Our strategic priorities for the year remain consistent with prior years and will continue to be focused on driving our growth initiatives across each segment. From an M&A perspective, we'll continue to target high-quality companies in our targeted spaces, and we continue to use tools within the Nordson Business System to drive operating improvement across the enterprise. With that, we'll pause now and take your questions.

Operator

Thank you, ladies and gentlemen. At this time, if you do have a question, please press the star then the number one key on your touchtone telephone. If your question has been answered or you wish to remove yourself from the queue, please press the pound key. Again, that's star then the number one to ask a question. Our first question comes from the line of Matt Summerville of Alembic Global Advisors. Your line is open.

Matt Summerville
Senior Equity Research Analyst, Gabelli & Company

Thank you.
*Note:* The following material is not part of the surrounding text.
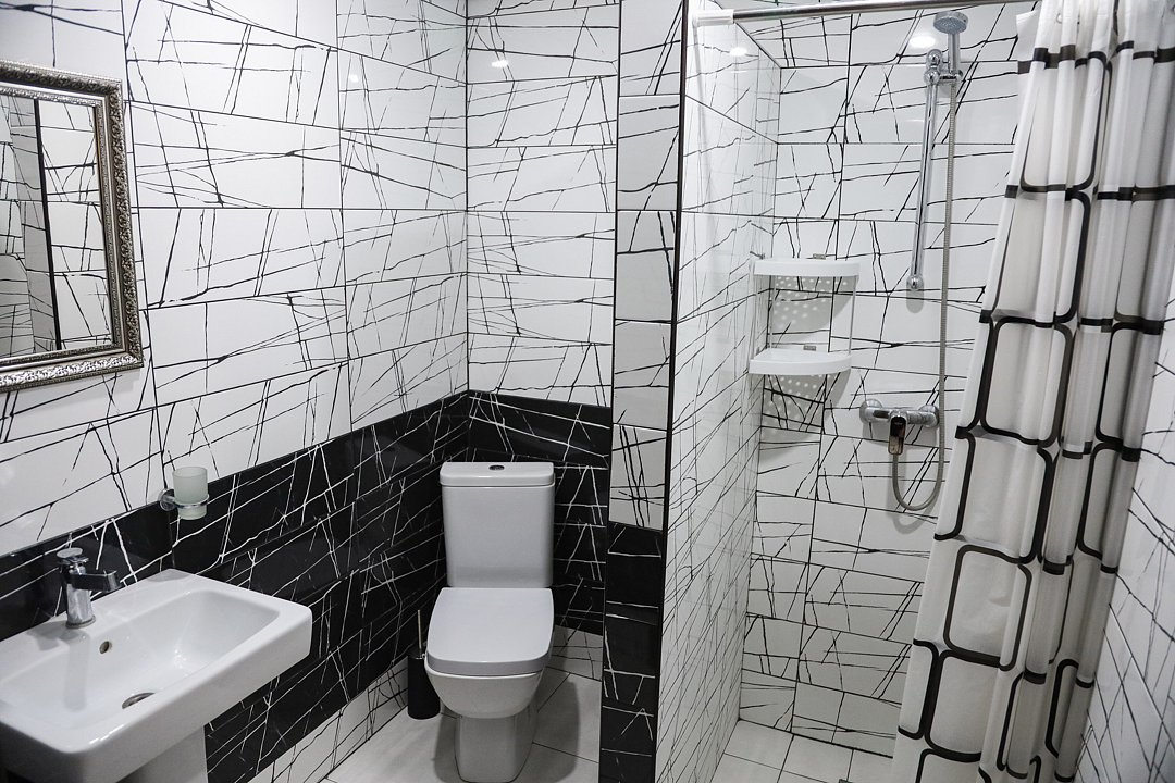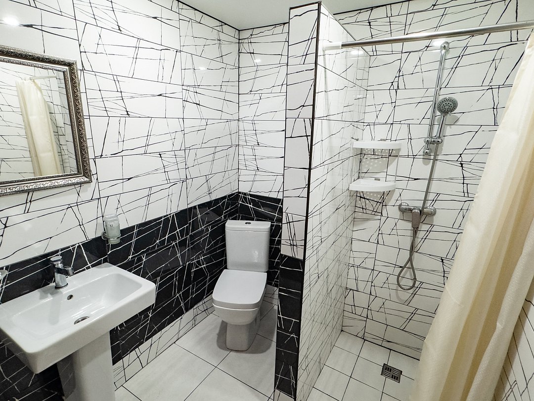 В номере имеется все необходимое — это кровать, шкаф для одежды, телевизор, кондиционер, холодильник, чайник, микроволновая печь, раковина, душ, санузел.

I guess the best word to maybe describe it as a surge you anticipate in your business in Q1, whether that's a handful of projects, a few customer concentrations that's driving that, or if this is indeed something more broad-based. Also, you know, historically, you've given quarterly order data. Is there a reason you're not providing that? If so, are you able to provide it in response to the question?

Michael Hilton
President and CEO, Nordson Corporation

Yeah. Let me comment on the first piece. What we've seen really in the tail end of our fourth quarter and into first quarter is continuing strong demand in the electronics segment, you know, some underlying growth in sort of newer technologies. For example of that would be moving from rigid to flex circuits to provide some more flexibility to customers with smaller design footprints. What I'd say is that we saw a couple of large projects come through, some of that supporting mobile directly, some of that more broadly based. Obviously, we've had a pretty strong year of new mobile introductions this year, and that's continued a little bit into the fourth quarter and into the first quarter.

At a high level, that's what we're seeing on the electronic side. As far as the guidance around orders, let me kind of give you our thought process here. We've been thinking about the order guidance for quite a while. Originally, we provided that because we thought it was providing additional insight with regard to, you know, underlying run rates across the business. More recently, over the last couple of years, we've seen, you know, sort of the order rates be out of whack a little bit with backlog and/or our sales guidance. The reasons behind that are twofold. The mix of our business has changed with the growth in the Advanced Technology Systems, both in electronics and now in the medical business.

It is particularly on the electronic side, our delivery windows have been shrinking, and the timing of orders year-to-year has varied pretty considerably. In addition, we have some customers who place orders for large projects but look at deliveries over multiple quarters. We found ourselves in situations where we're explaining why our sales guidance looks out of whack with our order growth rate. We thought a more consistent way to look at things was to give you sort of the backlog at the end of the quarter and then our guidance going forward that takes all of those kinds of things into effect. We also were getting feedback from many of our shareholders that they were getting confused by our order rate data, and it wasn't necessarily helping provide additional insight.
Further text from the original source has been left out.